Actually, there were a couple of bars of Green and Black’s organic chocolate, which is owned by Cadbury Schweppes, but they’ve been smart enough to keep that connection completely off the packaging so that people like me continue to buy it. You see it’s not that there aren’t brand-conscious goods in my cupboards; if anything they reveal that I’m a sucker for aesthetically pleasing packaging. I’m also not self-consciously searching for “authenticity”, although that ends up being part of it, particularly when it comes to food. Instead it’s that I’ve simply become disillusioned with big brands. Partly it’s a set of non-specific concerns about the ethics of their production, but mostly it’s that I’m weary of being marketed to, and the more that’s spent on telling me I ought to buy something, the more inclined I am to believe all the effort was invested in marketing the product rather than making it great.
Vancouver, partly because it’s a degree or two removed from the global centres of finance and commerce, has long been home to very genuine innovation, and product design that’s driven by passion and function first, branding and marketing second.

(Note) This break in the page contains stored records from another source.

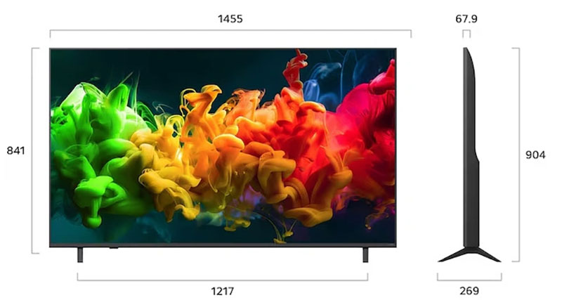 Kích thước không chân, treo tường: Ngang 145.5 cm – Cao 84.1 cm – Dày 6.79 cm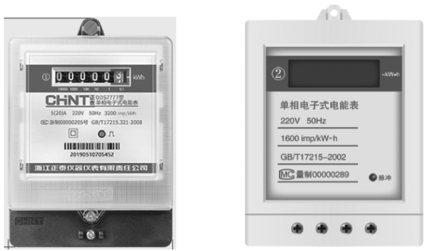 图2-17 单相电子式电能表实物图、仿真软件中单相电子式电能表示意图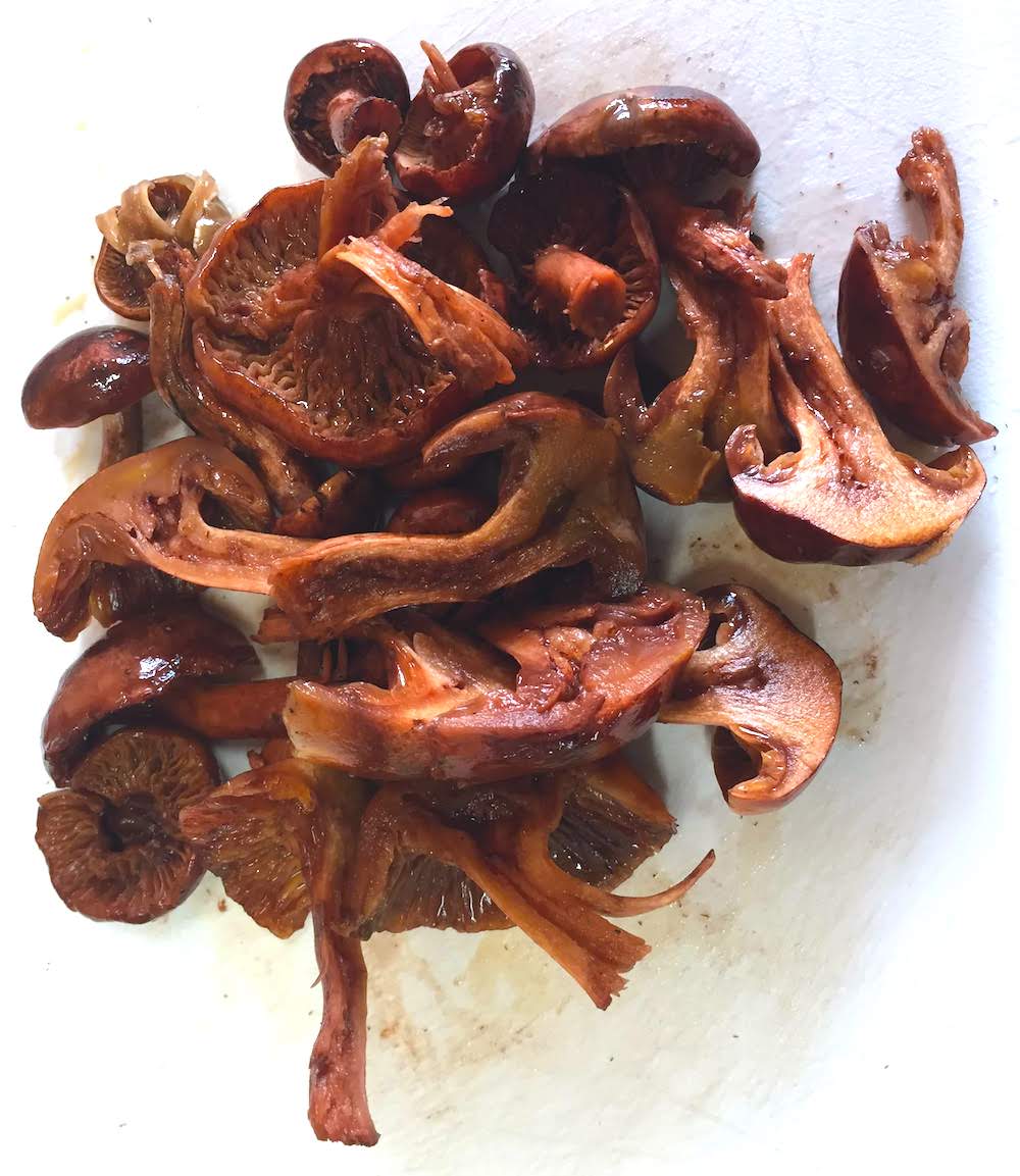 2019-10-29 ヒメサクラシメジの山椒煮 おすくに きのこ料理 秋の料理 山のつまみ ヒメサクラシメジが採れたので、山椒煮を作ってみました。このきのこ、一見、サクラシメジにも見えますが、サクラシメジより、小ぶりで、色が濃いのが特徴です。酒の肴にぴったりの一品ができました。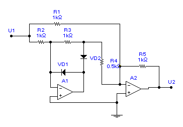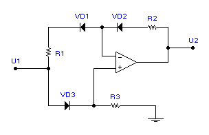 В отрицательный полупериод диод VD3 закрыт и усилитель работает, как инвертирующий с коэффициентом передачи равным -1. Недостатком схемы является недостаточная точность из-за влияния нелинейности вольт-амперных характеристик диодов и различия коэффициентов усиления ОУ по инвертирующему и неивертирующему входам. Более точной является схема на двух ОУ.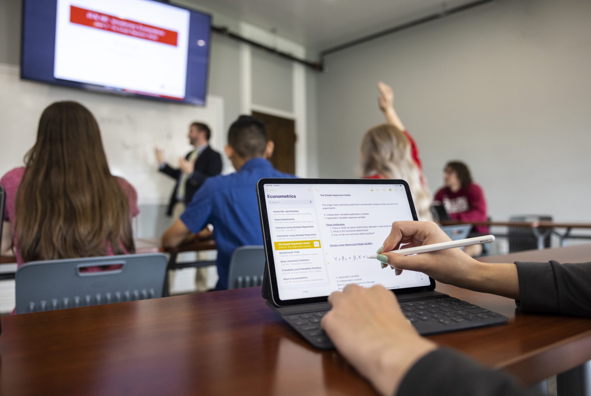 As a learning tool, each faculty member has implemented the technology according to their fields of study and teaching styles to enhance the student experience. For example, Professor of Math Doug Cheney uses his iPad as a virtual chalkboard to work on math problems with his students in real time. His students also use the note-taking app Notability to handwrite their solutions to exercises and use its recording feature to play back audio of the class discussion timed with their drawn or typed notes.

When Adidas Salomon (Salomon has since been sold to Finland’s Amer Sports) purchased outdoor gear maker, Arc-teryx, back in 2002, they did so because the brand was built around a truly genuine affinity with its customers. It’s not that Arc-teryx’s customers weren’t concerned with design and aesthetics, rather that these qualities were (and still are — the products remain great) wrapped up in the substance of the product, not tacked on after the fact. And since then there have been quite likely hundreds if not thousands of mergers and acquisitions in which high quality niche brands have been snapped up by more mainstream giants.
The giant brands may in the end be quite safe because they’ve got relatively untapped markets in the developing world and a limitless supply of passionate people there and here creating new, authentic brands that can be acquired once the hard work of building a community of passionate customers has been done. But it’s interesting to think about the structural changes that will surely accompany this shift. It strikes me that it’s not just media that are fragmenting across more specialized channels, and in turn stimulating less generic and more targeted forms of advertising. In turn the next generation of brands are building highly profitable businesses which may only amount to $50MM or so in annual sales but nevertheless appeal to an influential and desirable audience. It’s likely that a good part of marketing’s role will become preserving the independence of these brands.